Metadata-Version: 2.1
Name: modupipe
Version: 1.0.1
Summary: A modular and extensible ETL-like pipeline builder
Home-page: https://github.com/vigenere23/modupipe
License: MIT
Keywords: pipeline,etl,pipe
Author: vigenere23
Author-email: lolgab1@hotmail.com
Requires-Python: >=3.9,<4.0
Classifier: License :: OSI Approved :: MIT License
Classifier: Programming Language :: Python :: 3
Classifier: Programming Language :: Python :: 3.10
Classifier: Programming Language :: Python :: 3.9
Project-URL: Repository, https://github.com/vigenere23/modupipe
Description-Content-Type: text/markdown

[![Build](https://github.com/vigenere23/modupipe/actions/workflows/build.yml/badge.svg)](https://github.com/vigenere23/modupipe/actions/workflows/build.yml)

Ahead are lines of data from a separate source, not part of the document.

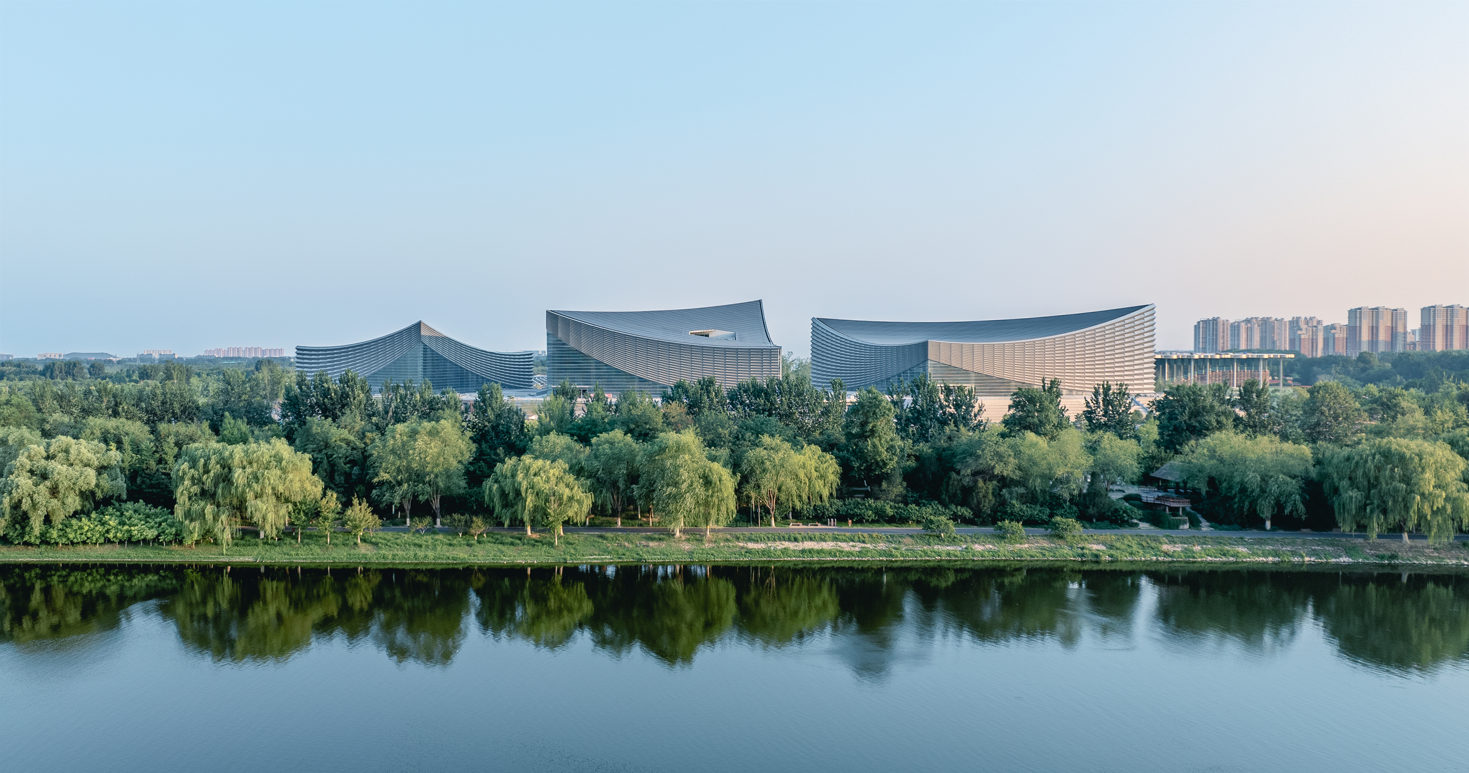 건축물의 매스는 퉁저우 지역에서 전통적으로 이루어졌던 운송 사업의 선박과 퉁저우 지역의 미래를 상징하는 랜턴을 모티브로 했다. 입면에서 접혀 올려지듯 드러난 유리창은 공연을 시작할 때 무대의 커튼이 열리는 모습을 연상시킨다.
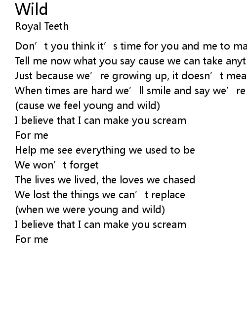| cause we feel young and wild | |
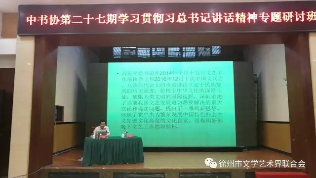 根据中宣部、财政部、文化部、新闻出版广电总局、中国文联、中国作协联合印发《2016—2017年全国文艺骨干和管理干部培训工作规划》及中国文联统一部署,中国书协于6月20日至23日在徐州举办第27期“中国书法家协会会员深入学习贯彻习近平总书记文艺工作座谈会重要讲话精神专题研讨班”。此次研讨班旨在引导广大文艺家、文艺工作者深刻领会习近平总书记文艺工作座谈会和中国文联十次代表大会上重要讲话精神以及党中央关于文艺工作、文联工作的重要指示精神。
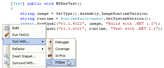 If you look at the test code, you can see our test was successfully built and executed using .NET 1.1.

# ModuPipe : A modular and extensible ETL-like pipeline builder

## Benefits

- Entirely typed
- Abstract, so it fits any use case
- Class-based for easy configurations and injections

## Usage

Extract-Transform-Load (ETL) pipelines are a classic form of data-processing pipelines used in the industry. It consists of 3 main elements:

1. An **`Extractor`**, which returns data in a stream-like structure (`Iterator` in Python) using a pull strategy.
2. Some **`Mapper`** (optional), which transforms (parse, converts, filters, etc.) the data obtained from the source(s). Mappers can be chained together and chained to an extractor (with `+`) in order to form a new extractor.
3. A **`Loader`**, which receives the maybe-transformed data using a push strategy. Loaders can be multiple (with `LoaderList`) or chained together (with `+`).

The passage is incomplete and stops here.